The size of the sporangium is proportional to the size of the host cell. The surface of the sporangium is ornamented with regularly arranged warts, around 0.6–0.8 μm long. It also presents several simple apertures, each covered by an operculum, unlike the smooth-walled sporangia seen in Perkinsus. The sporangium wall has a complex structure, with a thick innermost layer surrounded by a nearly equal in size or slightly thinner opaque layer in which the warts are embedded. As it matures, the sporangium acquires a blackish colour. Zoospores develop within, either in the dead host cell or after the sporangium is released from the host. The zooids escape through the aforementioned apertures. The number of zooids produced by each sporangium depends on its size, but generally around 500 zooids are released, and it takes 5–10 minutes for all zooids to leave. Afterwards, the cytoplasm from where the zooids were abstricted becomes a residual body left in the sporangium, consisting of starch grains, mitochondria, endoplasmic reticulum and a large central nucleus-like area.

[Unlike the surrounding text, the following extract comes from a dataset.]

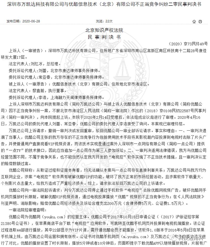 据知产北京公众号消息,近日,北京知识产权法院二审审结了一起不正当竞争纠纷案,案件围绕的核心之一便是关于免费观看VIP视频资源、屏蔽视频广告的问题。万凯达公司经营了一款叫做“电视控”的软件,可以将手机中播放的视频投屏到电视观看。但通过“电视控”将优酷网的视频内容投屏到电视时,可以屏蔽原视频片头的广告,而且普通用户也可以直接观看优酷网VIP视频资源。
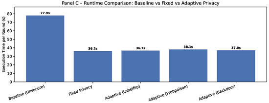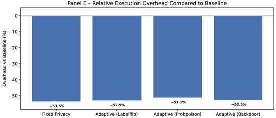 Together, Panel C (Figure 17) and panel E (Figure 18) show that incorporating dynamic per-packet policies maintains execution times within a narrow band (36–38 s), adds less than 2.5% extra cost over fixed privacy, and remains far below the baseline processing time. Panel D (Figure 19) shows that Runtime overhead remains minimal under adaptive privacy (≃10–13%), with per-round execution varying by less than 0.5 s across attacks. This indicates that integrating dynamic security does not compromise real-time performance.

The presence of Parvilucifera, along with other Perkinsozoa, has been demonstrated in fresh water, marine waters, and sediments. P. infectans has been found in coastal Sweden where it was first discovered, especially being commonly found in marine sediment.
Through experimental studies, it has been found that lower salinity levels possibly promote a higher infection rate. Two species, P. infectans and P. sinerae, are able to survive extreme conditions in their sporangium phase, due to the resilience of the host cyst which can protect the zoospores. The sporangia are able to survive cold temperatures for many months.
All species of Parvilucifera are considered generalist parasites for dinoflagellates, meaning that they are able to infect a wide range of dinoflagellate species. The only exception was a species formerly included in this genus, Snorkelia prorocentri, which specialized in the dinoflagellate Prorocentrum fukuyoi. However, studies are increasingly pointing towards preferences for particular species of dinoflagellates.
The practical importance of Parvilucifera is a topic of interest, as the genus is demonstrated to be a controlling factor of many harmful algal blooms of dinoflagellates. Dinoflagellate blooms have been known to be harmful to the shellfish industry and responsible for producing potent toxins. Some dinoflagellates are also known to create massive faunal mortality and can even be fatal for humans. Parvilucifera species have a generalist dinoflagellate host range, and thus could serve as negative regulators of dinoflagellate communities. There is research underway to understand the specific host ranges for each species in order to better control dinoflagellate blooms.